Tiefo varieties were formerly spoken over a much wider area. They have been steadily declining ever since Tiefo military power was broken in an 1897 battle. Jula (Dioula) is now the dominant spoken language throughout southwestern Burkina Faso.

==Villages==
Tiefo villages:

| Official name | Village | Person | People | Notes |
|---|---|---|---|---|
| Nyafogo | ɲáɣáfɔ̀ɣɔ̀ⁿ | ɲáɣáfɔ̀ɣɔ̀ⁿ | ɲáɣáfɔ̀ɣɔ̀ | Tiefo-N |
| Noumoudara | tə́ráʕāⁿ | tə́ráʕāⁿ | tə́ráʕā | Tiefo-N |
| Daramandougou | káɣà(-lě) | káɣà | káɣà | Tiefo-D |
| Me | mɛ̀ɛ́ | màɣá | màɣá | formerly Tiefo-speaking |
| Maturku | mátòò ~ mátyòò | mát(y)òò | mát(y)òò | formerly Tiefo-speaking |
| Samogan | — | — | — | formerly Tiefo-speaking |
| Tien | — | — | — | formerly Tiefo-speaking |
| Kodala | — | — | — | formerly Tiefo-speaking |
| Koumandara | ʃíyɛ̀yⁿ | ʃíyɔ̀ⁿ | ʃíyɔ̀ | formerly Tiefo-speaking |
| Dege-dege | dègèdègè | dègèdègè-ɲɔⁿ́ | -by-ó | formerly Tiefo-speaking |
| Derege | dɛ̀rɛ̀gbɛ̀ | dɛ̀rɛ̀gbɛ̀ | dɛ̀rɛ̀gbɔ̀ | formerly Tiefo-speaking |
| Laranfiera | làɣàⁿfyɛ̀lá | làɣàⁿfyɛ̀ | làɣàⁿfyɔ̀ | formerly Tiefo-speaking |
| Musubadugu | ʃíkìyàʕà | — | — | formerly Tiefo-speaking |
| Sidéradougou | — | — | — | formerly Tiefo-speaking; partially Tiefo |

==Phonology==

Consonants
|  | Labial | Alveolar | Palatal | Velar | Labiovelar | Pharyngeal | Glottal |
|---|---|---|---|---|---|---|---|
| Plosive | p b | t d | tʃ dʒ | k g | kp gb |  | (ʔ) |
| Fricative | f | s |  | ɣ |  | ʕ | (h) |
| Nasal | m | n | ɲ | ŋ | ŋm |  |  |
| Approximant | w w̃ | l, r | j j̃ |  |  |  |  |

- /n/ is heard as [ɾ̃] intervocalically.
- /g/ is pronounced [ɣ] between two instances of the vowels [a] or [ɔ].
- /ʔ/ only occurs word-finally in a verbal clitic.
- /h/ is only attested in loanwords and sometimes in syllable boundaries between vowels.

Vowels
|  | Front | Central | Back |
|---|---|---|---|
| High | i iː ĩ ĩː |  | u uː ũ ũː |
| Mid-high | e eː |  | o oː |
| Mid-low | ɛ ɛː ɛ̃ ɛ̃ː |  | ɔ ɔː ɔ̃ ɔ̃ː |
| Low |  | a aː ã ãː |  |

Tiefo also has three tones; high, mid, and low.
==Grammar==
One notable feature of Tiefo languages is a vocalic morpheme that precedes nouns under some conditions.
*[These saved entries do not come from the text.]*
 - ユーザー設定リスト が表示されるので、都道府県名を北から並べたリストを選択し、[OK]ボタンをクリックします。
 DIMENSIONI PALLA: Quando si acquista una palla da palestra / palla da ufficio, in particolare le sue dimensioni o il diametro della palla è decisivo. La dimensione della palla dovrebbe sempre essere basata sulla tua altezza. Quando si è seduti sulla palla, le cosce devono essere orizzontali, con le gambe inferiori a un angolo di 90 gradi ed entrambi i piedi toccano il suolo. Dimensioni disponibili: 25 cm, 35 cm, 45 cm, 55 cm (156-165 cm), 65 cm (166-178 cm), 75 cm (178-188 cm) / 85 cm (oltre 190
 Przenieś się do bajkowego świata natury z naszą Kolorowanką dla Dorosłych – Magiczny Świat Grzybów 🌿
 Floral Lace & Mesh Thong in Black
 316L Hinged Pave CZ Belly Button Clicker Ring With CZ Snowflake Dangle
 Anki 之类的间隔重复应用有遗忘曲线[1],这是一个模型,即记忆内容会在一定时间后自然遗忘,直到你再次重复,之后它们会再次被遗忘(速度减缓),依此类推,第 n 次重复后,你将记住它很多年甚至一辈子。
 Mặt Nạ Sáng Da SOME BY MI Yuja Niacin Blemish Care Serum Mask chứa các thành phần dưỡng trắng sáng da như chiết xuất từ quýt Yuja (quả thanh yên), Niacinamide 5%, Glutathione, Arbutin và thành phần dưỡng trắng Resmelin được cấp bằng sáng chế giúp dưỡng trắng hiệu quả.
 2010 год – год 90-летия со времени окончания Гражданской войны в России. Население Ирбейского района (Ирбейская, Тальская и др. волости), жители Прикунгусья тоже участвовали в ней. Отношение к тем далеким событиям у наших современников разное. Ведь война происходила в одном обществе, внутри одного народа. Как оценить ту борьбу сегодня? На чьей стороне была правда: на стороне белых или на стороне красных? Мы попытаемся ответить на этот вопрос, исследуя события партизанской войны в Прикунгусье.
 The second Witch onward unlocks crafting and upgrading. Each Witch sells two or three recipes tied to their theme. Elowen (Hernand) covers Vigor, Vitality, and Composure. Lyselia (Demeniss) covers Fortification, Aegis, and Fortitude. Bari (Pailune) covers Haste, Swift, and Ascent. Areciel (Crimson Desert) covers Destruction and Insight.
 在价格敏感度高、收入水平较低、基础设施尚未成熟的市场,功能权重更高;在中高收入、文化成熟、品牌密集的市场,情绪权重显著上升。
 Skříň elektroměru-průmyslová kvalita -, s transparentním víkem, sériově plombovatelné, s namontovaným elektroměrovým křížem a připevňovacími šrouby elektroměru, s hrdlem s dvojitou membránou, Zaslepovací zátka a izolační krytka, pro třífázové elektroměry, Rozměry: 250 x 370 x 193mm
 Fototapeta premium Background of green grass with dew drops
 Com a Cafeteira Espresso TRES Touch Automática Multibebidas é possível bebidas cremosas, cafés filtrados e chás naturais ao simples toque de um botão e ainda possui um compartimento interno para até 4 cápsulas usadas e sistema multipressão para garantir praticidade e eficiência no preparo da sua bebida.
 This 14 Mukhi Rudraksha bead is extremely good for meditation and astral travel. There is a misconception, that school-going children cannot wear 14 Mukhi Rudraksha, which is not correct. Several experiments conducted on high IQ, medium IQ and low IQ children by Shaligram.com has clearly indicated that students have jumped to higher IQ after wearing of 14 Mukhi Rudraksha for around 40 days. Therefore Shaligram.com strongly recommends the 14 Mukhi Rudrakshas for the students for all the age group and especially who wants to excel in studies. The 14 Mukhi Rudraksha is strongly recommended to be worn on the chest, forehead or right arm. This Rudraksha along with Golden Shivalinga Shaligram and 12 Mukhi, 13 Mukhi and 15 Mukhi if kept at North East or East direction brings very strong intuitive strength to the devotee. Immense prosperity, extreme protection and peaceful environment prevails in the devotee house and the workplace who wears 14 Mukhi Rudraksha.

In Tiefo-D it is ē, and it appears chiefly in postpausal position. Tiefo-N has à, è, and ò, constituting a noun-class system with a partial semantic basis. These prenominal markers are apparently unrelated to the original Gur system of noun-class suffixes. Traces of old noun-class suffixes, now frozen to stems and no longer synchronically segmentable, have been discussed by Winkelmann and other Gur specialists.

Verb phrases in Tiefo languages consist of two (Tiefo-N) or three (Tiefo-D) forms of the verb stem, plus preverbal inflectional particles marking aspect and negation. Verbs show no further morphological variation. The two Tiefo-N verb forms are called perfective and imperfective, but their distribution among clause-level inflectional categories is more complex than this suggests. Tiefo-D verbs have at most three distinct forms called perfective, imperfective, and base, but some verbs merge imperfective and base. In both languages, the forms of a given verb are morphophonologically related to each other by some combination of vocalic mutation, tonal shift, and/or suffixation.